- [Supplied information]

::::

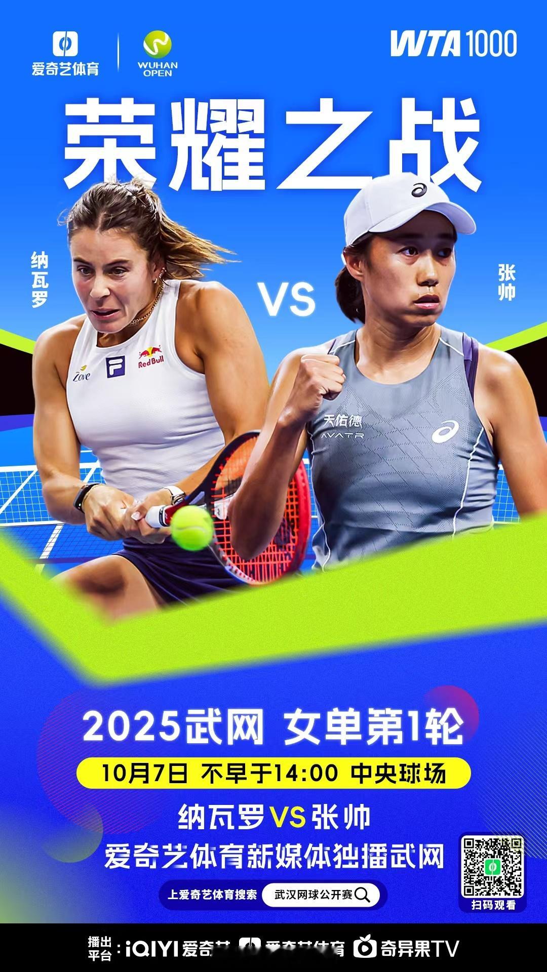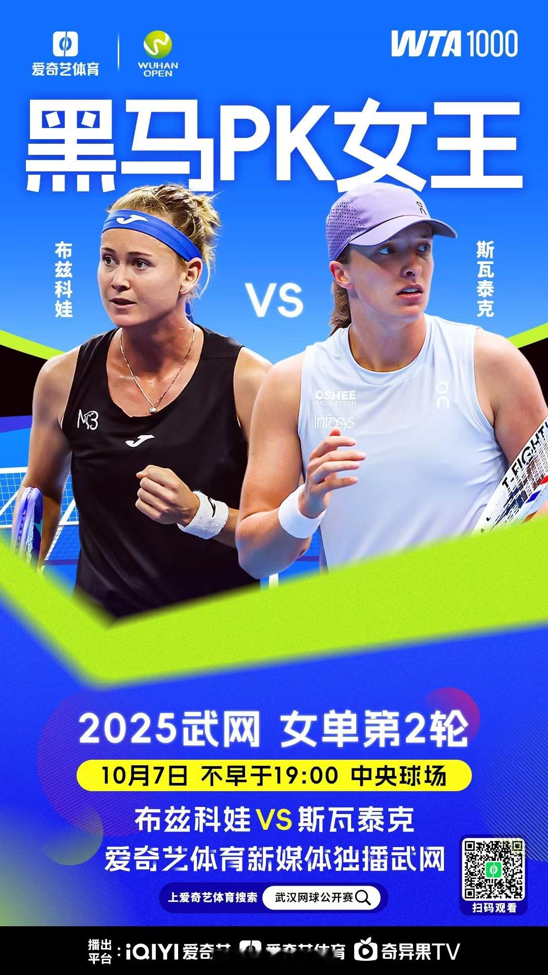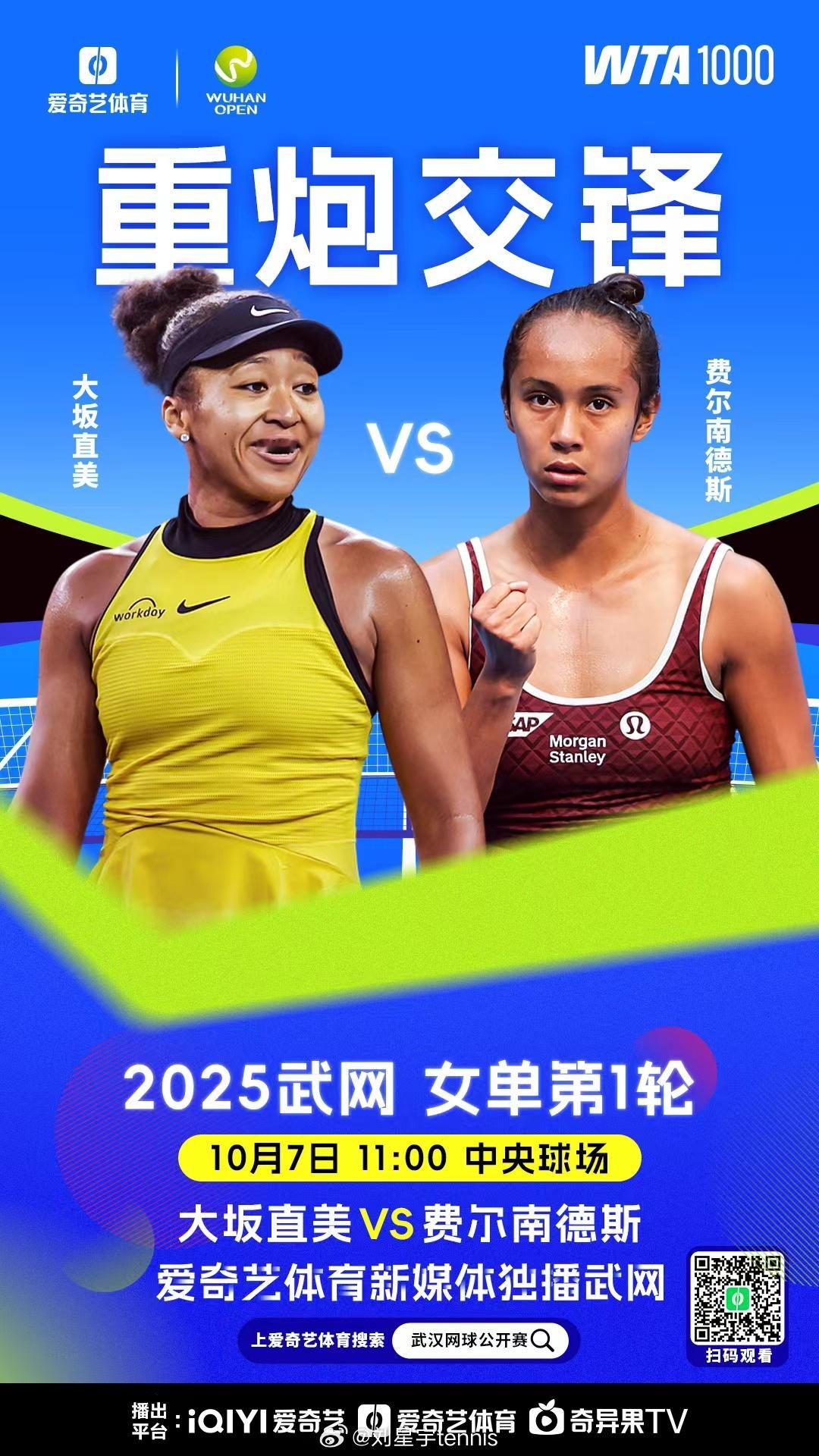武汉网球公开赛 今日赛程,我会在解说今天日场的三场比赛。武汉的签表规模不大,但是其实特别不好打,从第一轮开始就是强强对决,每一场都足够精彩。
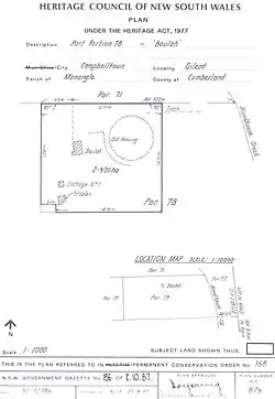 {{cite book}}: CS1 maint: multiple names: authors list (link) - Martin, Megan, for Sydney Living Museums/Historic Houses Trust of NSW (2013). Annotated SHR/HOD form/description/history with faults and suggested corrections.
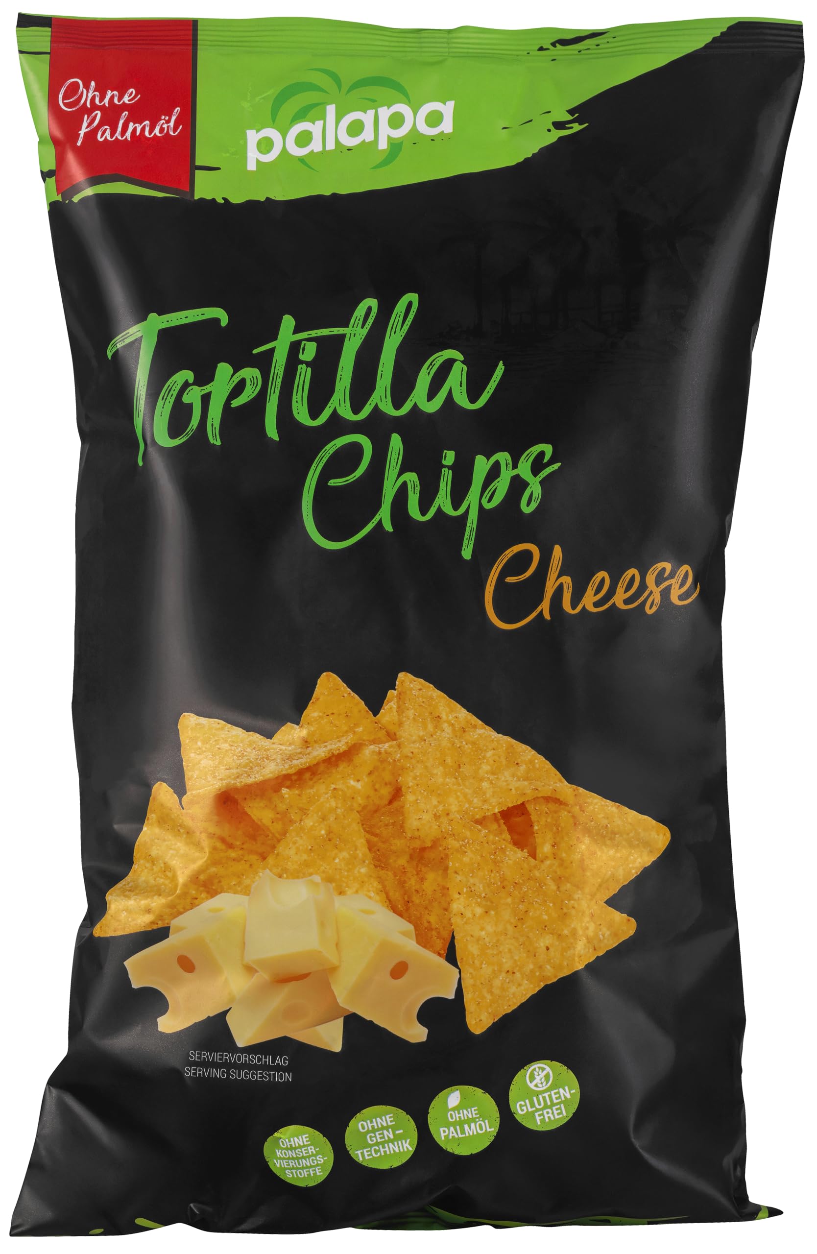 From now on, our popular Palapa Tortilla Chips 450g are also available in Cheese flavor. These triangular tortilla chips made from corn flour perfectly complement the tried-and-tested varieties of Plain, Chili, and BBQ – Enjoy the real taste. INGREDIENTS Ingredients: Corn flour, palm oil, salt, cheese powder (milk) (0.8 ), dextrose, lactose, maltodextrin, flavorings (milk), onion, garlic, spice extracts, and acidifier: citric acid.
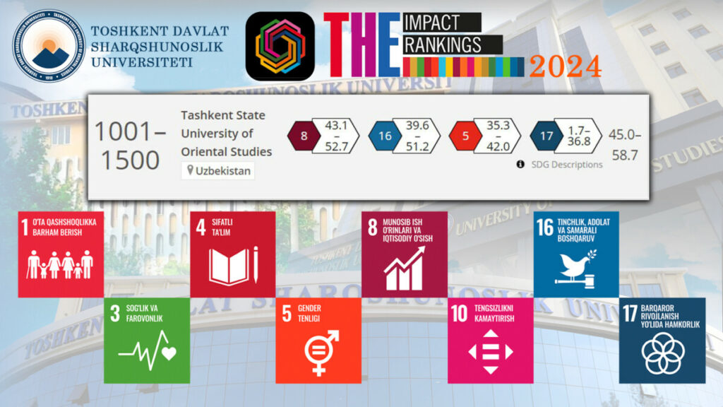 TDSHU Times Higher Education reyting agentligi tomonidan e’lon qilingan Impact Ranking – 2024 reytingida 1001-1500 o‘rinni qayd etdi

::::

- [Work required] Repeat verbatim the lines between the start of the data and the line containing "and suggested corrections.", both ends included, omitting all pictures.

- [Solution to this task]
武汉网球公开赛 今日赛程,我会在解说今天日场的三场比赛。武汉的签表规模不大,但是其实特别不好打,从第一轮开始就是强强对决,每一场都足够精彩。
 {{cite book}}: CS1 maint: multiple names: authors list (link) - Martin, Megan, for Sydney Living Museums/Historic Houses Trust of NSW (2013). Annotated SHR/HOD form/description/history with faults and suggested corrections.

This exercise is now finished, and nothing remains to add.